In order to lead confidently, you must be reasonably sure that you are someone that others should follow. You must believe that the words you speak and ways you model are worth following if you are going to encourage others to imitate you. But this must be done with care and with a caveat.
If you are someone that people naturally follow there is always a temptation to conform them to your own image. But if we are merely seeking to enlist others into a clone army our domain we will soon become an evil empire, and all the usual totalitarian impulses will rise up in us. We become agitated that those we seek to control won’t get with our clearly delineated program. The ego inflates, the nose elevates, and the eyes can’t bear to look below.
“What is with these people, Lord? Why won’t they become more like me? Why can’t they see that my way is the best way? Don’t they see how balanced/godly/disciplined I am? How can they not want that for themselves?”
Like me, you have probably never said these things to God… out loud! But try saying them to yourself now and see if there isn’t a ring of truth to them. When we ask these questions of God and fail to see how foolish they are, pride stokes the furnace of ego and the fire of evil is not far off. In being frustrated with the lack in others we are reinforced in our impressions of our own superiority.
So there is a dark side to inviting people to imitate us. If we do not deny the temptation to become the focal point of people’s affections, we will end up doing a lot of damage – to them and to us. It is a risky course of action. But it is a risk we are commanded to take.
Inviting people to imitate us only goes badly when when we are the end point of their affections. More than once the Apostle Paul implores the people to whom he is writing, “Be imitators of me” (1 Cor. 4:16; Phil. 3:17).
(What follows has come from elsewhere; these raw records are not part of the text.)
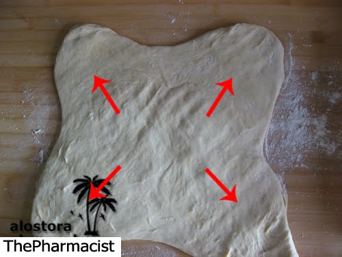 نسحب زوايا العجينة للخارج ونرقها بالشوبك قليلا حتى تنبسط كما بالشكل..(كالفراشة)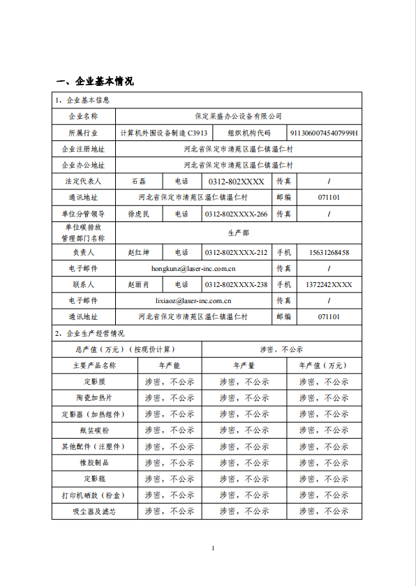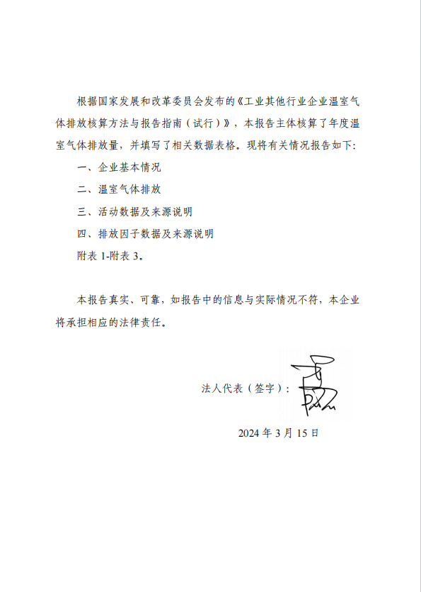 保定萊盛2023年溫室氣體排放報告(公示簡版)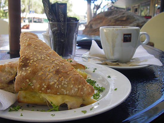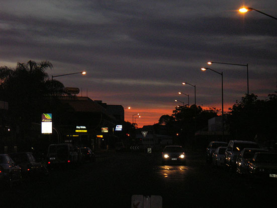 Gegen Nachmittag ging ich mal zum Friseur. Das letzte Mal war ich in Korea – zu lange her, zu lange Haare. Während meine Haare auf Länge 3 gekürzt wurden, erfuhr ich, dass die Cowboys hier „Ringers“ heißen. Wahrscheinlich deshalb, weil sie mit ihrem Lasso Ringe werfen und die Kühe einfangen. Bojangles Bar und alles sonst kannte man auch. Biker und Ringers, das sind die Locals von Alice Springs. Nach dem $15 Schnitt setzte ich mich in ein Straßencafé, hatte ein getoastetes Sandwhich bis der Amerikaner vorbeikam. Dann ging ich ins Internet und baute etwas am Blog. Jetzt bloß nicht aufgeben, auch wenn ich in der Hitze megafaul werde.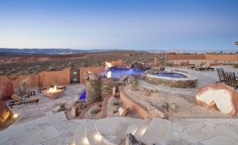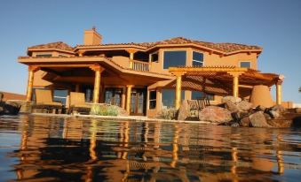 The KOKOPELLI HOUSE at Lake Powell, WINNER OF 2015 POOL OF THE YEAR, is a gorgeous luxurious home of over 4400 square feet under roof with an additional 2000 usable exterior SF that sits on over an acre of private land bordering open space high on the Manson Mesa overlooking spectacular LAKE POWELL, the beautiful COLORADO RIVER, stunning desert plateaus, mesas, canyons, cliffs and plateaus. If you are looking for a comfortable, luxurious place to base out in exploring this vast legendary area, or if you wish to relax with a cold drink on the patio and marvel at the magnificent desert and lake scenery, this home is ideal. The sunsets on the balcony overlooking the fantastic pool and waterfalls are EPIC!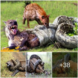 Un espectáculo extremadamente raro cuando una hiena que pesaba unos 68 kg fue tragada por una pitón de roca en la Reserva Nacional de Masai Mara, África. Según Kay Holekamp,…
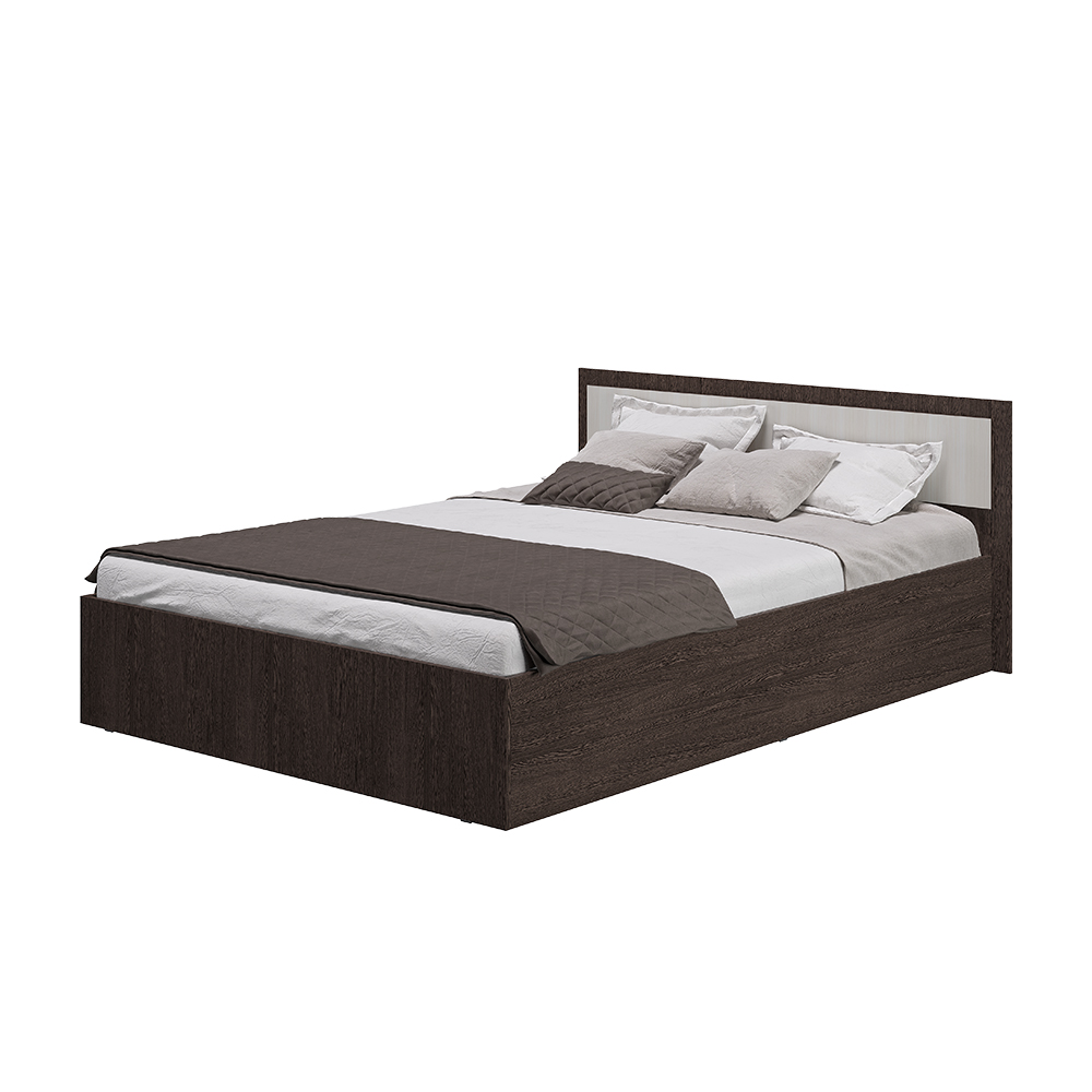Двуспальная кровать "Фиеста" выполнена из высококачественной ЛДСП в цвете "венге". Изголовье имеет светлую вставку цвета "лоредо". У кровати отсутствуют ножки, это избавит вас от скопления пыли под ней.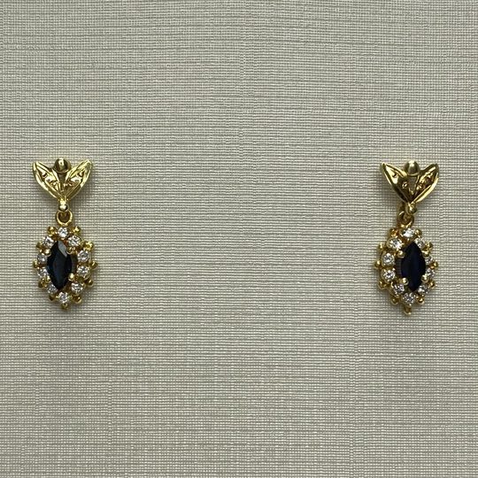 Par de Brincos Ouro Amarelo e Safiras Moda plus size original brechó desapego desapego de luxo segunda mão second hand usado usado e bom estado conservado bolsas usadas bolsas segunda mao etiqueta unica enjoei peguei bode bolsas conservadas cansei vendi troca de luxo M8470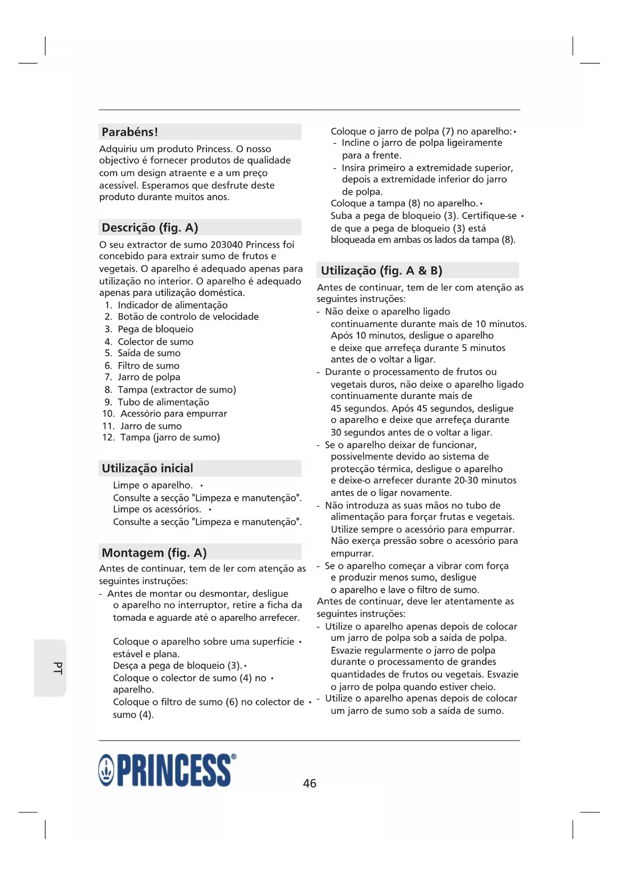 Parabéns! Adquiriu um produto Princess. O nosso objectivo é fornecer produtos de qualidade com um design atraente e a um preço acessível. Esperamos que desfrute deste produto durante muitos anos. Descrição (fig. A) O seu extractor de sumo 203040 Princess foi concebido para extrair sumo de frutos e vegetais. O aparelho é adequado apenas para utilização no interior. O aparelho é adequado apenas para utilização doméstica.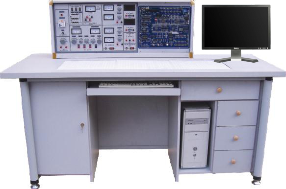 一桌為二座,桌面中央設置通用電路插板,元件盒在其上接插成實驗電路完成實驗。桌子左右各有一個柜,柜中存放元器件、貯存板及電腦,中間上層放置鍵盤、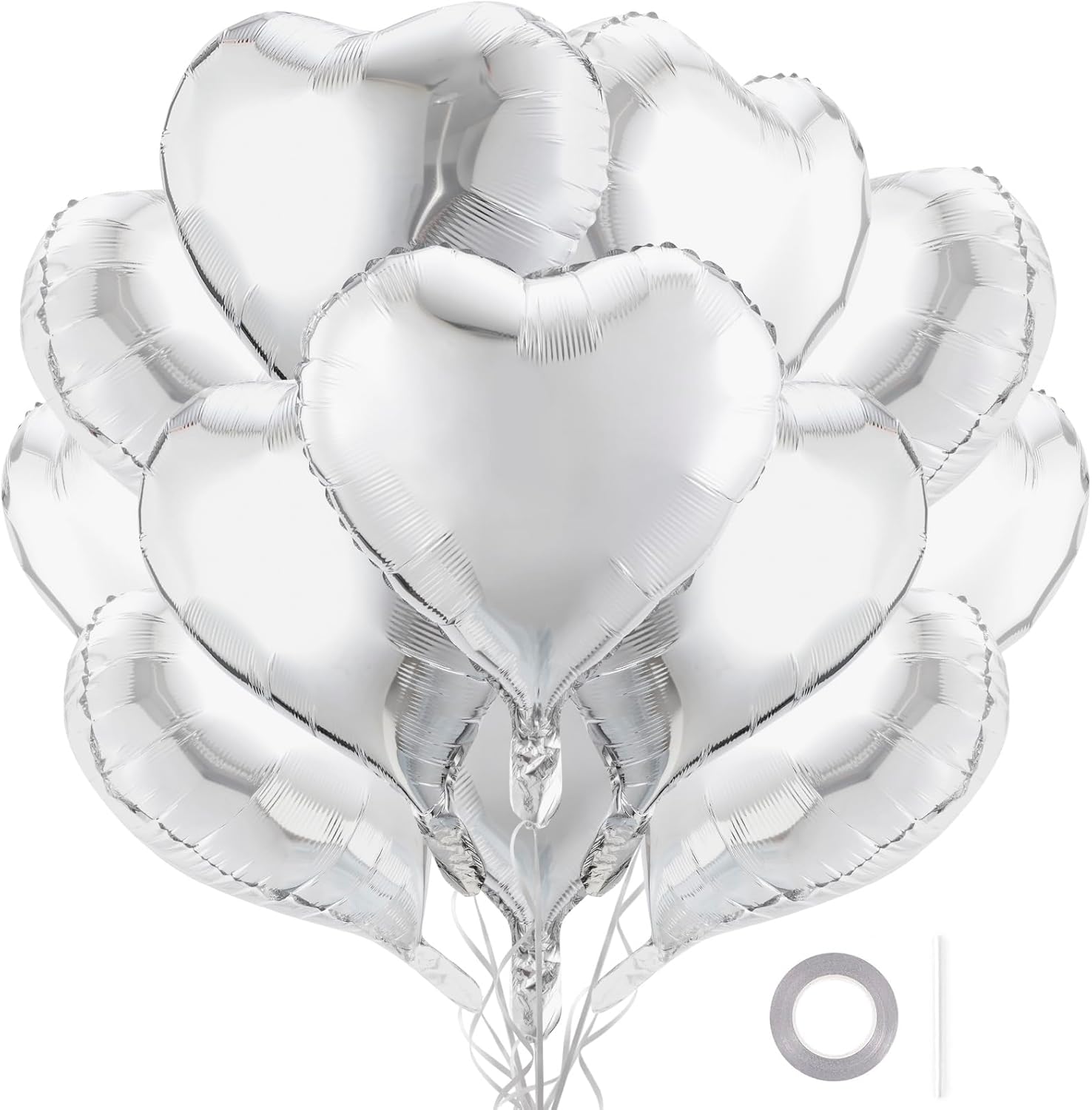 12Pcs Silver Heart Balloons, 18 Inch Silver Heart Shape Balloons Love Balloons Valentine Balloons for for Valentines Day Wedding Brithday Decorations

But this cuts two ways and it cuts fast. When we ask others to imitate those areas of our lives which are not conformed to the way of Christ, we lead them into nothing but sin.
Paul says imitate me, but with a caveat. “Be imitators of me, as I am of Christ” (1 Cor. 11:1) When we speak the caveat, we give permission to reject anything in us that doesn’t conform to that standard. If we do that we will have a chance at keeping the false god Ego in check. We kill that monster of ego with humility.
If you want to learn humility, opportunities are not in short supply. Simply submit to the path that God is pointing you down and begin to walk. Before long, your opportunities will come along.